Andy Hawes is Warden of Edenham Regional Retreat House

We adore thee O Christ and we bless thee!’ God willing, a deeper and more loving adoration of Christ should be the outcome of our Lenten Disciplines and of our Holy Week prayer and reflection. Any time of penitence means that the spotlight of the Holy Spirit is directed on the examination of our conscience, but this is only part of the spiritual dynamic. As the Holy Spirit convicts us of our own shortcomings, there ought to be a growing awareness of the tender and forgiving acceptance of Christ. A deepening sense of our own sinfulness should be balanced by a deepening realization of God’s love for us. As Jesus said, ‘Those who are forgiven much love much.’

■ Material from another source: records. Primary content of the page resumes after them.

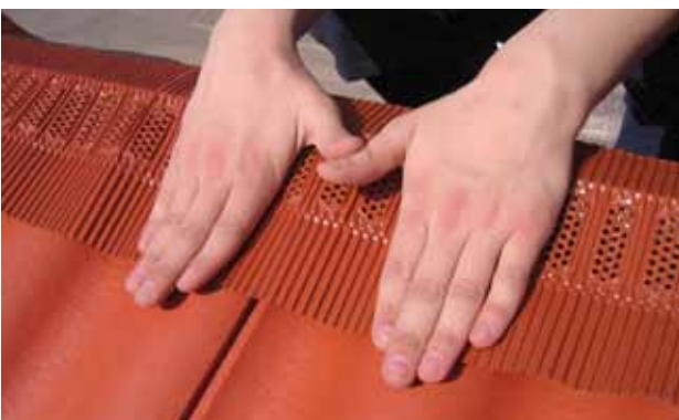
Paigaldus samm 3. Pressige tihendi serva nii, et surute selle vastu katusekive. Veenduge, et tihendusrolli õhutusavad ei jääks harjalauale. Õhk peab saama vabalt liikuda katusekivide alt ülesse kuni katuseharjakivini, et tagada nõutekohane tuulutus.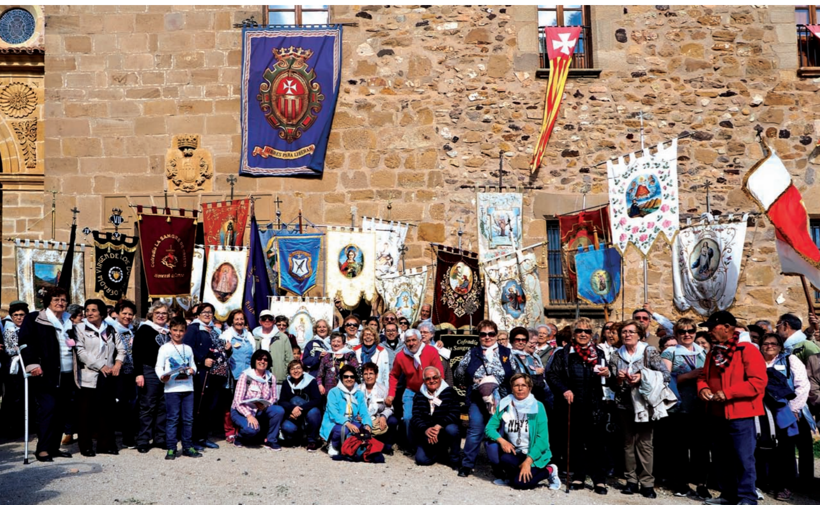
El monasterio del Olivar (Estercuel) ha acogido durante todo el año 2018 numerosos actos y encuentros para celebrar el 800 aniversario de la Orden de la Merced, a la que pertenece.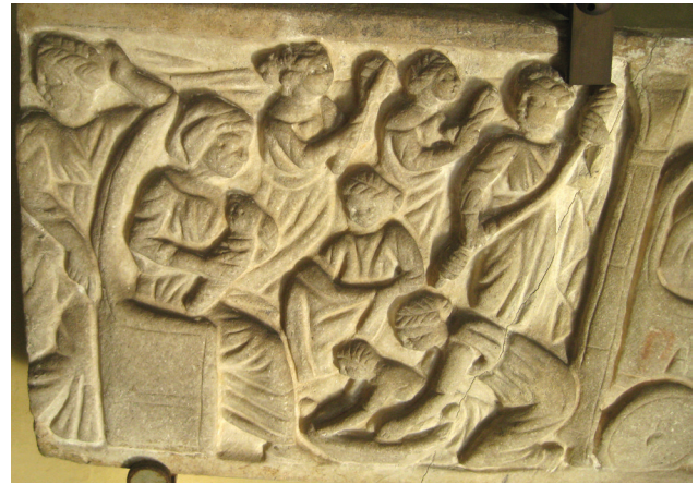
Fig. 8. Fragment de sarcophage en marbre. Vatican, Musée Chiaramonti, Inv. 1632. Fin du III e s. ap. J.-C.

Les autres images le montrent en train d'être sorti de son bain. Sur le sarcophage d'Agrigente (fig. 9) [12], il tend les bras vers la femme qui le soulève de la bassine. Il est représenté de dos, les jambes légèrement pliées. Sur cette image, seule la relation avec la femme qui le baigne est mise en avant puisque le nouveau-né fait dos à sa mère et n'interagit donc pas avec elle. Cette dernière le regarde, la tête baissée.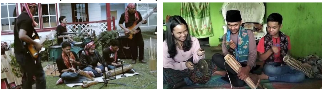
Gambar 4. Pengalaman budaya menggunakan Gendang Lima Sendalanan pada kegiatan di Komunitas Sadakata Art dan Komunitas Lasiganjangan Bara Ras Takal

Komunitas musik tradisional yang ada di Berastagi juga bergerak untuk tetap mempertahankan Gendang Lima Sendalanan . Ialah Komunitas Sadakata Art yang terus berupaya menarik minat generasi Karo dengan cara membuat lagu-lagu dengan menggunakan alat musik tradisional dengan mengolaborasikannya bersama alat musik modern agar sesuai dengan minat generasi muda. Saat ini Sadakata Art sudah membuka kursus belajar Gendang Karo. Ada pula sanggar musik bernama Lasiganjangan bara ras takal yang dibentuk pada tahun 2023. Komunitas tersebut sudah ikut dalam berbagai acara adat masyarakat Karo dan membawakan Gendang Lima Sendalanan dalam setiap acara adat, khususnya upacara kematian.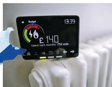
▲英國暖氣費用昂貴，恐有300萬戶家庭將陷入燃料貧困。

It is a great pity that many Christians never experience this liberating truth. Times of fasting and penitence and the practice of confession are too often perceived as a negative experience, an exercise in spiritual self-abuse. When this attitude prevails, there is precious little hope that anything of lasting worth will come out of the process.

This is the worst kind of piety – a laudable, but pitiable, attempt at trying to be better. Nothing could be further from the purpose of Lent and Holy Week.

Self-examination, fasting and penitence – even when the sacrament of confession is not an outcome – is an expression of a relationship where the individual is loved and desires to love in return. As William Cowper writes in his poem Hark my soul, ‘Lord it is my chief complaint, that my love is weak and faint, yet I love thee and adore; O for grace to love thee more!’ The spirit of penitence and the desire for a good and honest life should arise out of love for Jesus.

This came home to me the other day during a conversation with a laywoman about fasting. She said, ‘I am just so happy I can do something for him.’ The fasting was not just an exercise in self-discipline, or about increasing self-awareness, although these are important. It was a token of love for the Lord; it was a fragrant offering of a heart that desires to spend itself and be spent in his service.

That is why Holy Week should be a time of adoration. In the great four days, beginning on Maundy Thursday, Christian people are drawn away by the liturgy from thinking about Christ, to being with Christ, and being with Christ they are moved to partake in the mystery of Love beyond reason. The Mount of Olives, Gethsemane, Golgotha and the Garden Tomb are not places to think. They are places of silent awe, wordless horror and indescribable joy.

God forbid that we should be so pious in our religion that there is no room for simple adoration. In adoration is both self-offering and revelation. Adoration is the fountain of thanksgiving, thanksgiving the cause for joy, and joy is the energy of self-giving. It is self-giving that moves us to take up our cross and follow him. Ask for grace to love and adore him. ‘We adore thee O Christ and we bless thee, for by thy Holy Cross thou hast redeemed the world.’